- _What to do_
Beneath this sentence is a listing. Return its lines from the one containing "表演游戏对于中班孩子来说,是" through the last, exactly, and omit the pictures.

- _Collected material_
Segment Open

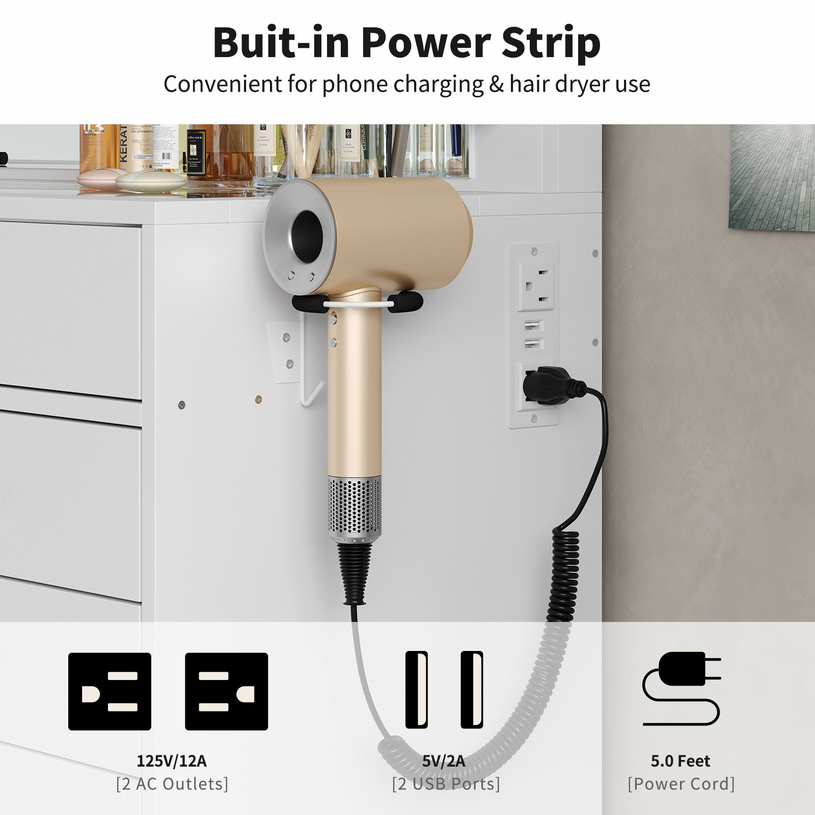 - Come with Charging Station: This makeup vanity is with a hair dryer stand and power outlet. The power outlet includes 2 standard plug sockets and 2 USB ports to connect your hair dryer, curling iron, computer, cell phone, iPad and other devices
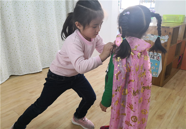 表演游戏对于中班孩子来说,是一种新奇又有创意的游戏活动,在表演游戏中,孩子们可以充分发挥自己的想象,用现有材料打扮自己,并努力去营造快乐的氛围,在换装、表演中与同伴交往并获得快乐体验。
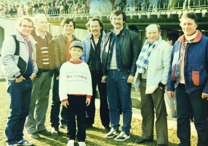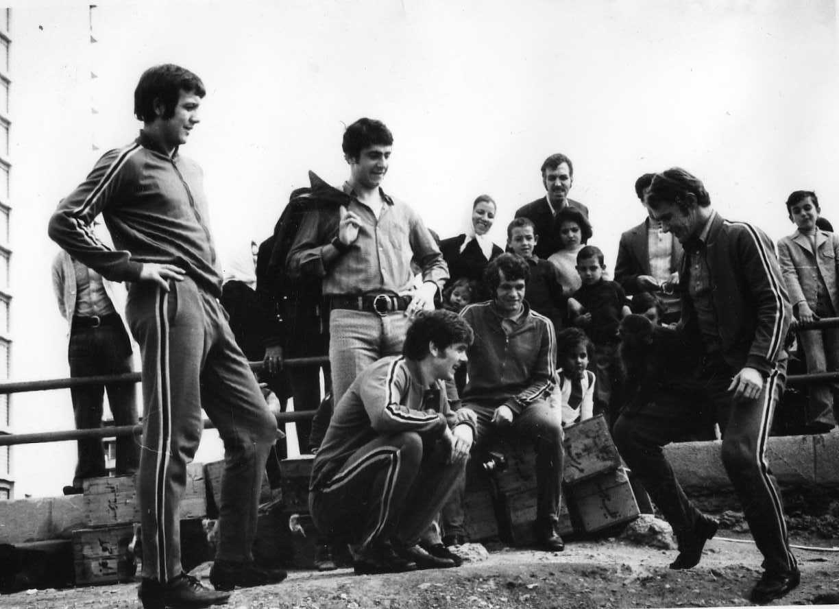Nae Pescaru (al treila de la stânga la dreaptă), alături de bunii prieteni Gyorffy şi Hârlab (ambii pe extreme) intrând pe „Tineretului” casual şi nu „stegar”

Segment Closed

- _Exercise response_
 表演游戏对于中班孩子来说,是一种新奇又有创意的游戏活动,在表演游戏中,孩子们可以充分发挥自己的想象,用现有材料打扮自己,并努力去营造快乐的氛围,在换装、表演中与同伴交往并获得快乐体验。
Nae Pescaru (al treila de la stânga la dreaptă), alături de bunii prieteni Gyorffy şi Hârlab (ambii pe extreme) intrând pe „Tineretului” casual şi nu „stegar”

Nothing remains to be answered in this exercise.